To establish a porcine model for maxillary distraction osteogenesis and to document the sequence of bone formation in the zone of advancement.
Female Yucatan minipigs (n = 9) in the mixed dentition stage underwent modified Le Fort I osteotomy through a vestibular incision under general anesthesia. A unidirectional, semiburied Le Fort I distraction device was fixed across the osteotomy. The distraction protocol was 0-day latency, 1-mm/d rate for 12 days, and 24 days of fixation. Maxillary specimens (n = 9) were harvested and divided in half at the end of distraction (n = 6 sides), midfixation (n = 6), and the end of fixation (n = 6). Clinical stability, volume, and radiographic density across the zone of advancement were graded on semiquantitative scales. Specimens were stained with hematoxylin and eosin and examined with light microscopy.
Animals tolerated the operation, the distraction and fixation periods. There were no infections and no devices failed.
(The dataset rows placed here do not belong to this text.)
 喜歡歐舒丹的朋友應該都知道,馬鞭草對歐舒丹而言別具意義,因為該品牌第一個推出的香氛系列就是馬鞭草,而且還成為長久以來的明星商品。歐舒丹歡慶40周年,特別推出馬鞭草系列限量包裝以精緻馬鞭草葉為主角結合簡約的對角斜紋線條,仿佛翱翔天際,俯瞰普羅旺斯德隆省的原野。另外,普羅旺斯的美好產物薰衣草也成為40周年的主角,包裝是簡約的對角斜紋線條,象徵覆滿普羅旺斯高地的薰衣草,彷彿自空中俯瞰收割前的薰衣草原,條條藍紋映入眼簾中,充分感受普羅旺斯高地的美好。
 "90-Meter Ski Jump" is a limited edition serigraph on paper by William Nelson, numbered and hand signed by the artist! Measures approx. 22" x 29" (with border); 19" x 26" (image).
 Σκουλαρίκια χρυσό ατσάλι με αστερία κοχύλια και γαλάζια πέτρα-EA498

At the end of the distraction period, bone trabeculae were present at the periphery and fibrous tissues, and vessels, preosteoblasts, and osteoblasts were present in the center of the zone of advancement. Islands of chondrocyte-like cells appeared in 1 specimen each at midfixation and the end of fixation. At the end of fixation, clinical stability and radiographic density were graded 3/3 and bone formation was complete across the advancement zone in all specimens.
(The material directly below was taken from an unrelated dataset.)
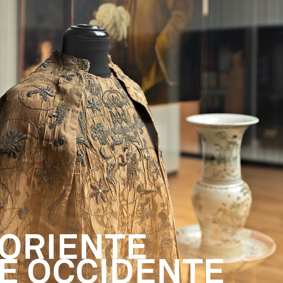 Il dialogo tra Oriente e Occidente è protagonista anche dell’ultima vetrina in cui è messo in scena un confronto tra due culture figurative, quella occidentale, rappresentata da un abito con mantello in damasco ricamato in oro con alle spalle un bellissimo ritratto di gentiluomo attribuito ad Agostino Carracci, e quella orientale, simboleggiata da un vaso cinese del XVII secolo.
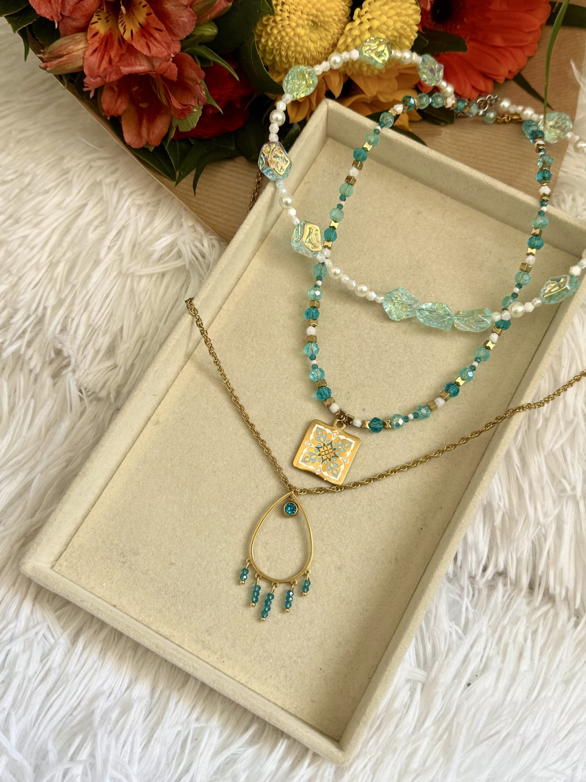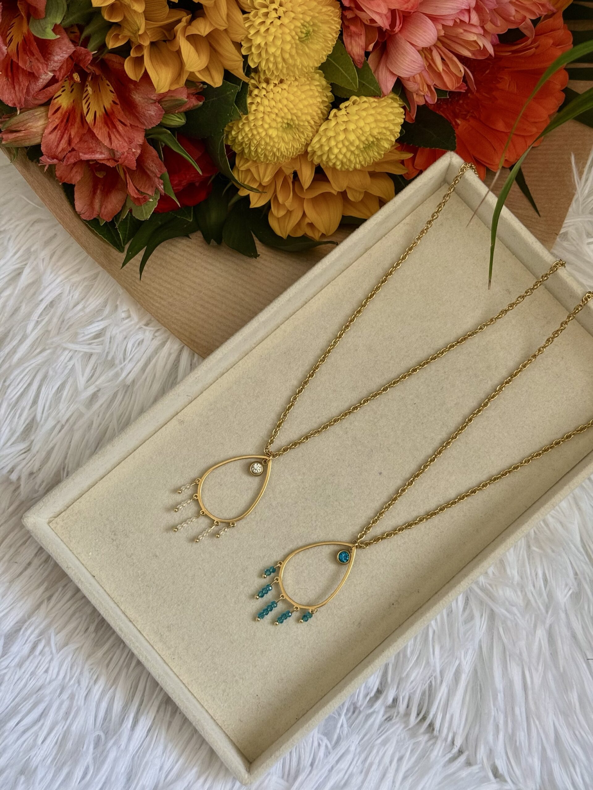 Ατσάλινο 100% χειροποίητο κολιέ με διάφανες/μπλε χάντρες.

A model for Le Fort I distraction osteogenesis was established. Intramembranous bone formation was the predominant mechanism of healing in the zone of advancement. Latency was not necessary for bone formation in this minipig model.
建立上颌骨牵张成骨的猪模型,并记录前移区域骨形成的顺序。
处于混合牙列期的雌性尤卡坦小型猪(n = 9)在全身麻醉下通过前庭切口接受改良的Le Fort I截骨术。将单向、半埋入式Le Fort I牵张装置固定于截骨处。牵张方案为:延迟0天,牵张速率为1毫米/天,持续12天,固定24天。在牵张结束时(n = 6侧)、固定中期(n = 6)和固定结束时(n = 6)采集上颌骨标本并将其对半切开。对前移区域的临床稳定性、体积和影像学密度进行半定量分级。标本用苏木精和伊红染色,并用光学显微镜检查。
动物耐受手术、牵张和固定期。无感染发生,且无装置失效。在牵张期末,前移区域周边出现骨小梁,中心存在纤维组织、血管、前成骨细胞和成骨细胞。在固定中期和固定期末,各有1个标本出现软骨样细胞岛。在固定期末,所有标本的临床稳定性和影像学密度分级均为3/3,且前移区域的骨形成完成。
建立了Le Fort I牵张成骨模型。膜内成骨是前移区域愈合的主要机制。在此小型猪模型中,骨形成无需延迟期。